Friday, November 14, 2008

Boise, ID

CHICKEN DINNER ROAD ... FUCK YOU AT THE TOP OF THEIR LUNGS

apparently someone named Joe Scarborough has said "fuck" on TV and this will not stand.

Boise is way cooler than I suspect most people realize. Plus there is a road outside Boise called Chicken Dinner Road. Boise is like a Victoria laid out on a grid, with no drug addicts. Exactly - pretty cool. The band The Noughties were very kind to us and bought us a coffee-flavoured tequila. BOISE REPRESENT

Wednesday, November 12, 2008

Winnemucca, NV

Well, I've just been told (not as a joke) that Barack Obama is a Muslim, and won't wear a flag pin nor put his hand on his heart. The same lady, nice as she is, also asked Emma if she speaks the same English in England as we were then speaking. We tried to explain, but naturally the urge to burst out laughing and/or run away was momentarily strong.

Winnemucca has about 7,200 people. We're staying in the Red Lion, which has a 24-h casino but it's real small.

We've decided not to go to Salt Lake, but instead to take 95 north from here to Boise. Trouble is, there is only 1 motel between Winnemucca and Boise, on the Nevada/Oregon border, and it's a 350-mile road or so. It's rainy etc so we are staying put here.

The road from Reno to Winnemucca is amazingly desolate desert surrounded by mountains. Next stop is famous potatoes.....

Tuesday, November 11, 2008

Reno to Salt Lake City

Today we leave Reno for SLC, Utah. Reno is as odd and full of faded glory as we imagined. Emma managed to win 5 times her stake in video poker - but the stake was only $1. It's cold here, around freezing, but seems warmer since it's bone dry. SLC is 8 hours drive, so we're not sure if we'll stay somewhere along the way.

The photo below of the Humboldt County Sheriff is for J!











Monday, November 10, 2008

Susanville, CA

MUTANT TROUT ... GIGOLO CHEF ... JUMPOFF JOE

Breakfast at the hippie cafe Keystone Diner (complete with "brindled" cat a la Irie) in Eugene, the "track city" (as in track and field, not tracks of your tears) was followed by a marathon drive through national forests to Susanville, CA, a close enough distance to Reno if you're sick of watching out for deer. Apparently Susanville's local lake contains a species of trout unique to the lake. Overheard at dinner was the chef clarifying to the waitresses that he was a gigolo (not a prostitute) in and around LA in his youth. Apparently only dinner and drinks was required, and anything more was "to his discretion."

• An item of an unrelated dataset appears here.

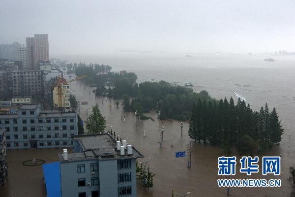 8月21日拍摄的鸭绿江丹东段江边。记者21日早上从丹东市防汛抗旱指挥部了解到,鸭绿江丹东段发生特大洪水,每秒流量超过2万立方米,多处堤防公路冲毁,部分县市交通、通讯、电力中断。新华社发(赵贵梁摄)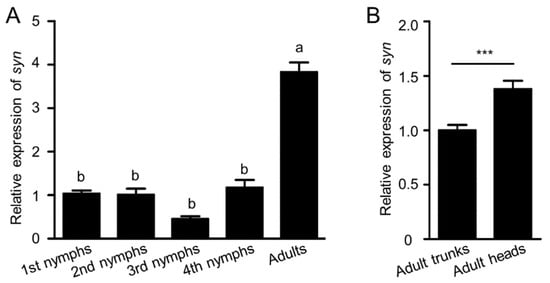 2.2. Expression Profiles of Synapsin at Different Stages and Tissues

Finally the prize for best placename on this leg goes to Jumpoff Joe Creek somewhere in southwest Oregon.

It's impressive how friendly the motel front desk staff everywhere we've been are - especially at $50 a night.

Reno tomorrow - for now it's Sierra Nevada pale ale in bed!



Eugene, OR

If you can't define "republic", don't vote. So says Uncle Sam on a billboard somewhere on the I-5 in mid-Washington State. Nobody told this to Bo, the night clerk at the Timbers Motel in Eugene Oregon, who freely admitted he voted for Obama without once referring us to his personal definition of republic. 99% of the rooms at the Timbers appear to be smoking, this one included, so if freedom to smoke in motel rooms is representative of the health (metaphorical, not medical) of a republic, then consider Eugene a shining beacon in the murky vast seas of would-be republics.





















We also went to the Kennedy School, in Portland, earlier, which is as awesome as Dave claimed it was when he raved about it before we left:



















It is indeed an elementary school converted to a pub, brewery, restaurant, and hotel.